La Paix avec les morts, Rithy Panh, Christophe Bataille (par Gilles Banderier)
La Paix avec les morts, Rithy Panh, Christophe Bataille, Grasset, janvier 2020, 178 pages, 17,50 €
Edition: Grasset
On entend souvent qu’il faut « comprendre » les génocides, les « expliquer », afin qu’ils ne se reproduisent pas. Soit. Mais on se rend vite compte que, dans le processus génocidaire, l’essentiel échappe à la compréhension et à l’explication. La Shoah est profondément irrationnelle et semble ne pouvoir s’éclairer qu’à l’aide de catégories métaphysiques ou théologiques. Elle a brisé la foi de l’espèce humaine en elle-même. À Auschwitz s’est arrêtée la route de l’humanité. Celle-ci fait depuis mine de continuer son chemin, mais le ressort est brisé. Que s’est-il fait de grand depuis 1945 ? Nous n’inventons plus que des jouets pour enfants, qui plongent leurs utilisateurs dans un bienheureux abrutissement numérique. Un poulet décapité fait encore preuve de vigueur et les ongles continuent à pousser dans la nuit de la tombe.

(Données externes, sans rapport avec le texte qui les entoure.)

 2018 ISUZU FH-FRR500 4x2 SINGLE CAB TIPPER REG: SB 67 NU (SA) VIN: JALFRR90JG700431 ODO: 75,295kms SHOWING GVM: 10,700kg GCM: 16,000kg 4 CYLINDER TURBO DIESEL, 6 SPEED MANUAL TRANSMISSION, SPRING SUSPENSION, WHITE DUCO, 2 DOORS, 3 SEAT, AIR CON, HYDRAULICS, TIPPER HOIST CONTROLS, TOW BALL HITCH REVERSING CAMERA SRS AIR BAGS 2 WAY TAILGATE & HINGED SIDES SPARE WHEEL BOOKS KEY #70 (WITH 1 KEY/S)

Tout aussi incompréhensible, le génocide cambodgien est mal connu. Vu d’Europe, il s’agit d’un événement lointain et peut-être l’empire ottoman, l’Allemagne et l’URSS avaient-ils déjà saturé la mémoire du continent. L’entreprise des Khmers demeure une tache aveugle dans l’histoire du XXesiècle. Elle n’a donné lieu – sauf erreur – à aucune œuvre littéraire majeure, analogue à L’Archipel du Goulag, ou Si c’est un homme. Au cinéma, tandis que les États-Unis impressionnaient des années-lumière de pellicule pour exorciser le traumatisme vietnamien, seul Roland Joffé s’est attaqué avec succès au génocide khmer.

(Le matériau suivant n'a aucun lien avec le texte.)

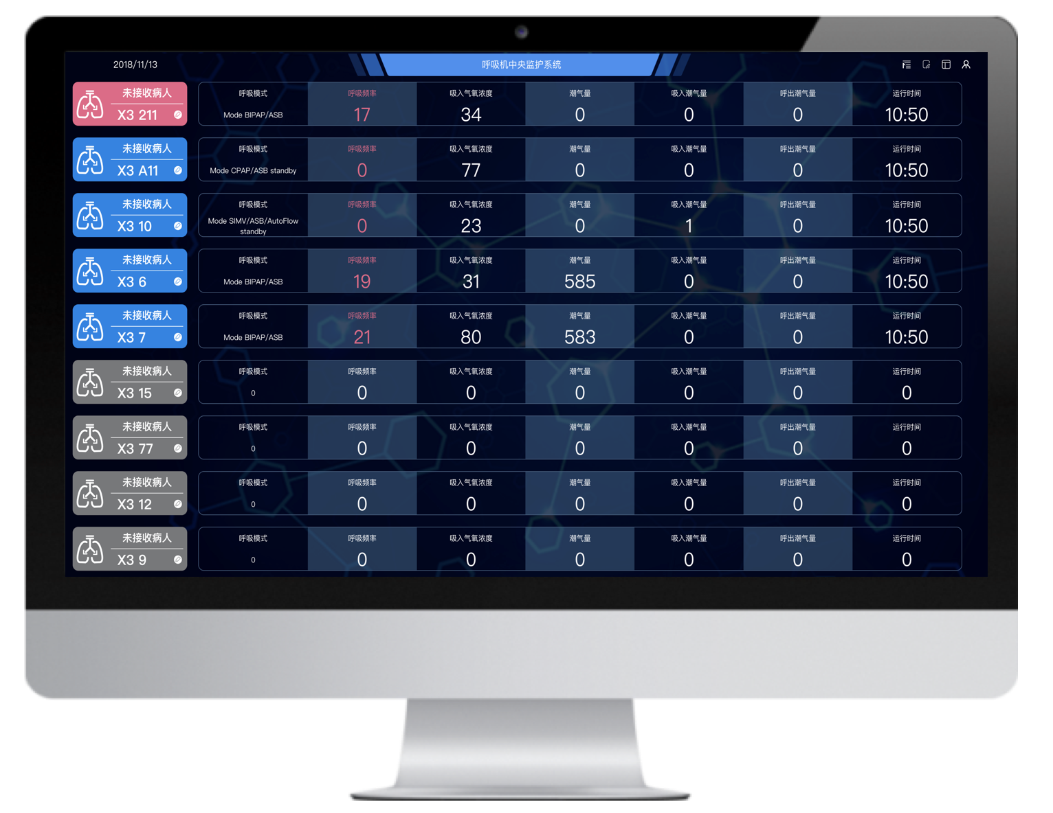 多臺(tái)不同品牌的有創(chuàng)呼吸機(jī)聯(lián)網(wǎng),并通過(guò)大屏實(shí)時(shí)集中呈現(xiàn)治療預(yù)設(shè)參數(shù)和監(jiān)測(cè)參數(shù),實(shí)現(xiàn)多臺(tái)集中監(jiān)測(cè)、集中管理和數(shù)據(jù)存儲(chǔ)。

Qui veut apprendre en quelques minutes ce qui s’est passé au Cambodge lointain doit lire, dans Le Studio de l’inutilité, le compte rendu qu’écrivit Simon Leys à propos du livre de Francis Deron, Le Procès des Khmers rouges. Comme le remarquait le grand sinologue belge, « ce n’est plus seulement une monstruosité (on croyait en avoir épuisé le registre), mais c’est aussi la caricature insane d’une monstruosité ».
La Paix avec les morts tient tout à la fois du document de travail, du carnet de notes prises au jour le jour et de l’autobiographie par fragments. Cinéaste, Rithy Panh a entrepris un travail de mémoire, pour arracher les victimes à la terre, à l’oubli et au négationnisme paisible qui commença dès le lendemain de la prise de Phnom Penh (célébrée par certains quotidiens français comme s’il s’agissait d’une excellente nouvelle : « Sept jours de fête pour une libération », titrait Libération le 18 avril 1975) et s’est poursuivi jusqu’à nos jours, grâce à Noam Chomsky, Jacques Vergès ou Alain Badiou, toute une intelligentsia radical chic qui n’aura jamais à répondre de son aveuglement criminel. Car autant on débat de ce que les Alliés ont pu savoir de la Shoah, autant le génocide du peuple cambodgien par ses propres dirigeants s’est accompli sous les yeux du monde, achevant de nous convaincre que l’humanité n’apprendrait jamais rien de ses erreurs.
Informé de première main, confronté au massacre des siens, Rithy Panh sait que « la nuit des rescapés n’est pas une veille : c’est l’autre monde qui ne cesse pas » (p.17). Il avait onze ans lorsque Pol Pot, « le frère numéro un », entreprit froidement de renvoyer son pays à la préhistoire. « Ne jamais clore ce chapitre. S’y allonger. Il y a là une douceur un peu fade et soyeuse, où se croisent les morts, les fantômes, les esprits » (p.136).
Gilles Banderier
Rithy Panh est cinéaste. Son travail a été salué dans le monde entier, de S21, La machine de mort khmère rouge, à L’image manquante (Prix Un certain Regard, Cannes 2013), et plus récemment Les tombeaux sans noms.
Christophe Bataille est éditeur et romancier.